1863 – The Year in Review

As the year 1863 began, it was a real possibility that the South could win the War Between the States, and that what had been the United State of America would be split into two countries. But 1863 was the pivotal year of the Civil War. In the west, Union forces seized control of the Mississippi River, and defeated their Confederate opponents at nearly every turn. In the east, two large scale battles were fought. Chancellorsville resulted in a resounding Confederate victory; Gettysburg ended in a resounding Union victory. At year’s end, the Army of the Potomac had held its own against Lee’s Army of Northern Virginia.

Following their terrible defeat at Fredericksburg (Dec. 13, 1862), the Army of the Potomac settled into winter quarters on the north side of the Rappahannock River. Only about 200 soldiers of the Fourteenth Connecticut Volunteer Infantry were fit for duty at the start of the New Year. A few weeks later they were spared the worst of the hardships of Gen. Burnside’s infamous “Mud March” (January 20-23), and on January 25, they learned that the Army of the Potomac had a new commander. Gen. Burnside was out and Gen. Hooker was in.
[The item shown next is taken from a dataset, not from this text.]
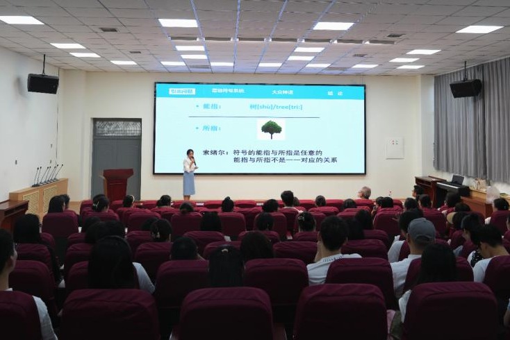 第六届陕西高校青年教师教学竞赛三等奖获得者刘莎进行了现场授课,她以《西方文论》课程中“结构主义符号学”为示范课展示内容,围绕教学目标,精心设计课堂教学活动,呈现出一堂教学环节完整、教学思路清晰、教学效果良好的生动课程。

The lot of the foot soldier began to improve. Fresh bread and regular fresh meat rations supplemented their diet. Corps badges and a furlough system helped to rebuild morale. On April 4, Adjutant Theodore Ellis was promoted to Major and given command of the Fourteenth Connecticut..

At the end of April, Gen. Hooker started the army in motion to the west and south. The several corps marched by different routes, and crossed the Rappahannock at several different fords to come together at Chancellorsville. During the battle that raged May 1-3, Gen. Hooker was completely outmatched by Gen. Lee. The Army of the Potomac was defeated handily, although more than half the troops saw little or no fighting, and Hooker withdrew the army during the night of May 5. However, Lee lost his “right arm” when Stonewall Jackson was mortally wounded,and Lee would feel this loss for the remainder of the war.
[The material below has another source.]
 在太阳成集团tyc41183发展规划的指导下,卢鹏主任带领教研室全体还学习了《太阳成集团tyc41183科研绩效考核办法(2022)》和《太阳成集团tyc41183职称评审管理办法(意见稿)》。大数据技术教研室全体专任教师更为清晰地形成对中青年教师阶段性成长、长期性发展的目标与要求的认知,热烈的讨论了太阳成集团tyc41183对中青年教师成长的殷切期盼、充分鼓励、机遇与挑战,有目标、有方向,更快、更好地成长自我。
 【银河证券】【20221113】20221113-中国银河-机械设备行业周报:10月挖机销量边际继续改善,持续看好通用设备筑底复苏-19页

On June 14, the Fourteenth Connecticut left Falmouth, Virginia and started on a long hot march north to Gettysburg. On June 30, the men learned that the army had yet another commander. Gen. George Meade. The regiment reached Gettysburg with 166 men at dawn on July 2, the second day of the battle, and were held in reserve. The next morning the regiment was detailed to cross the no-man’s-land between the lines to capture and burn a farmstead that was being used by Confederate sharpshooters. The barn and farmhouse were burned and then they returned to their position along the rock wall near “The Angle.” That afternoon the regiment held their section of the rock wall, about 120 yards in length, during the repeated assaults of Pickett’s Charge. They fought hard and stood their ground, and the charge was soundly defeated. This was the first time the regiment had tasted victory

Reduced to about 100 men, the Fourteenth Connecticut retired to an encampment along Cedar Run near Bristoe, Virginia. During August and September, new recruits were added through the draft, paid substitutes, and more volunteers. Over 900 names were listed on the rolls of the regiment, but only about 550 were actually present for duty. After the regiment rejoined the Seconds Corps, it advanced south of Culpeper, Virginia to Robinson’s Run where two deserters were executed in a particularly gruesome manner on September 17.
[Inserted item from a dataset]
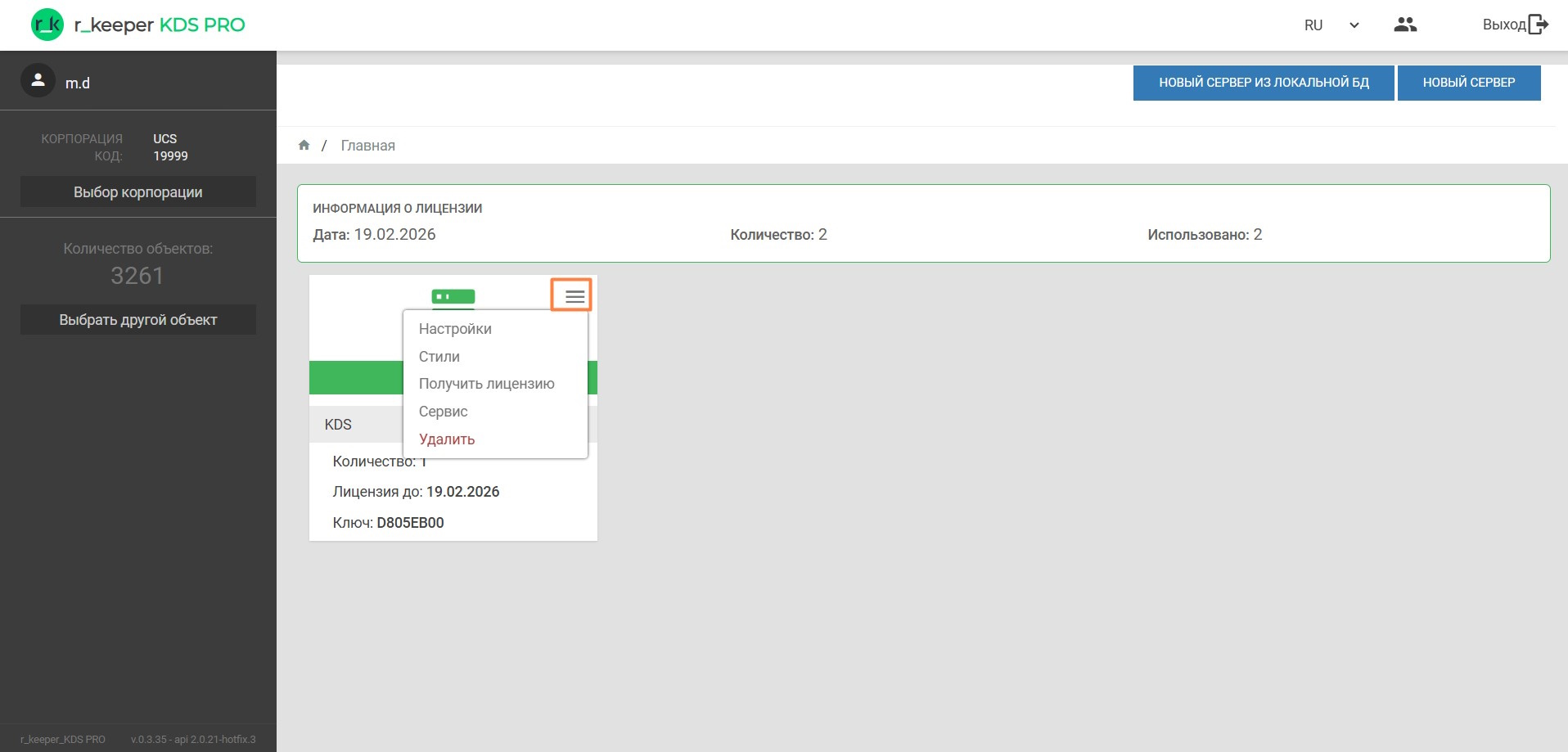 После чего откроется доступ к настройкам сервера, настройкам стилей, получению лицензии и возможности удалить выбранный сервер.

The new Fourteenth Connecticut fought well and was again victorious in a small scale battle along the railroad at Bristoe on October 14. The effect of Confederate defeats at Gettysburg and Bristoe was that Gen. Lee never again went of the offensive and chose to fight defensive actions for the remainder of the war.

Late in November the Army of the Potomac advanced against a heavily fortified line of Confederate works along a small marshy stream in Orange County, Virginia, known as Mine Run. It was certain that if the Federals tried to storm those works, casualties would be extremely high. Gen. Meade cancelled the scheduled assault, withdrew the army back to Culpeper County, and campaigning ended for the year.

As we look ahead to 1864, the Fourteenth Connecticut was involved in every battle of the Army of the Potomac. In fact, they saw more action during the month of May 1864 than they did in all of the year 1863.